Recent advances highlight the transformative role of wearable bioelectronics in cancer theranostics, significantly improving both therapeutic outcomes and patient experience. For traditional therapies, transdermal drug delivery systems enable painless and precise medication administration, whereas for ROS-based and thermal therapy, wearable bioelectronics miniaturize and simplify the delivery of external stimuli. Furthermore, they demonstrate the potential of closed-loop drug delivery by combining sensing and treatment components, which enables real-time feedback control to maintain drug homeostasis. By combining different therapies under similar external stimuli, wearable devices are also feasible for synergistic cancer therapies to achieve multifunctional integration.
Prognostic monitoring
Cancer prognosis refers to the prediction of disease progression and outcomes following medical intervention on the basis of information from tumor morphology, blood drugs or cells, and clinical manifestations173,174,175. Traditional monitoring tools tend to provide only discrete, point-in-time data; in contrast, wearable bioelectronics enable continuous monitoring, offering valuable insights into disease dynamics. Tumor regression monitoring in animal models, circulating biomarker detection and drug concentration detection in biofluid sensing are discussed in this section to highlight the long-term operation ability of wearable devices.
Tumor regression
Prognostic monitoring via wearable bioelectronics plays a crucial role in animal models, where tumor volume is an important indicator to assess drug efficacy. Wearable sensors enable fast and convenient data collection, thereby reducing the labor burden. Compared with other detection methods, strain sensors ensure noninvasive detection with satisfactory diagnostic accuracy. As shown in Fig. 7a, a strain sensor based on microcrack extension of a gold film was developed for automated tracking of dynamic changes in tumor size176. As the tumor grew or shrunk, changes in the circumference stretched the surrounding sensor, modulating the resistance of the gold film. In both the subcutaneous and internal tumor-bearing mouse models, the device demonstrated stable and continuous monitoring over several days. This method detected differences in tumor regression between the treatment and control groups much earlier than conventional methods did. Integrating such tumor regression monitoring tools with therapy development efforts may enhance comprehensive cancer management40.

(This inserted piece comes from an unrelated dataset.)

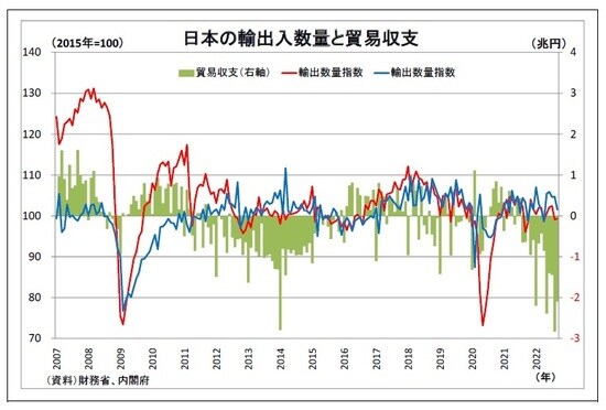 また、日本企業による海外投資へのシフトは貿易取引を通じても円安を促したと考えられる。昨今の本邦貿易赤字の主因がエネルギー価格の上昇であることは明らかだが、企業の生産能力が国内から海外へシフトしたことによって、アベノミクス開始以降、輸出に有利な円安が進んだにもかかわらず、輸出が伸び悩んだ。輸出の伸び悩みが昨今の貿易赤字拡大を増幅し、実需の円売り(ネット)を拡大させた面がある。

a A flexible electronic cracked gold strain sensor measuring real-time and long-time tumor regression information. Reprinted from ref. 176. with permission. b A self-healing field effect transistor based bioelectronic for the in situ monitoring of interstitial fluid methylated circulating DNAs. Reprinted from ref. 178. with permission. c A printable multiplexing wearable sensor with molecule-selective core-shell nanoparticles for anti-cancer immunosuppressive drug concentration sensing. Reprinted from ref. 181. with permission
Circulating biomarkers
Another effective prognostic indicator is the continuous monitoring of tumor-associated circulating biomarkers177. Unlike early cancer diagnosis, prognosis requires long-term tracking of biomarker levels. To support this, sensors should be both durable and resilient to the mechanical stresses of daily wear. Figure 7b showed a field-effect transistor platform with self-healing circuitry developed for real-time and transdermal monitoring of methylated circulating tumor DNA (ctDNA)178. The functionalized antibodies on the gate could specifically bind to methylated ctDNA, modulating the channel current. Notably, the system incorporated liquid metal components capable of forming an oxide layer for self-healing. Although this study highlighted a promising direction for long-term use, wearable prognostic monitoring, antibody degradation and liquid metal biosafety remained challenging. Future advancements should focus on biosensors that are robust under long-term monitoring and capable of maintaining stable performance in complex living environments, thus supporting treatment effectiveness analysis and adaptive cancer treatment.
Drug concentration
Apart from direct measurement of the tumor, evaluating drug concentration levels is essential for predicting cancer recurrence, assessing drug resistance and determining the optimal dosage179. Owing to the extremely narrow therapeutic window of cancer drugs, it is assumed that the effective and toxic doses of cancer drugs are very close to each other, resulting in a greater risk of ineffective treatment or severe toxic side effects180. Moreover, individual differences in drug metabolism make standardized dosing ineffective for many patients. To address these issues, a reproducible inkjet-printed core‒shell nanoparticle microfluidic sensing platform was developed for real-time monitoring of multiple drugs (Fig. 7c)181. Designed for bedridden patients, this platform enabled sweat-based drug monitoring by using iontophoresis to stimulate sweat induction and microfluidics to guide the fluid into the sensor reservoir. The system incorporated selective cavities that binded target drugs, reducing the exposure of the magnetic nanoparticle core, hindering electron transfer, and decreasing the redox current. Because of its excellent long-term operational stability in a mouse model, this device represented an innovative approach in wearable bioelectronics for pharmacokinetic monitoring.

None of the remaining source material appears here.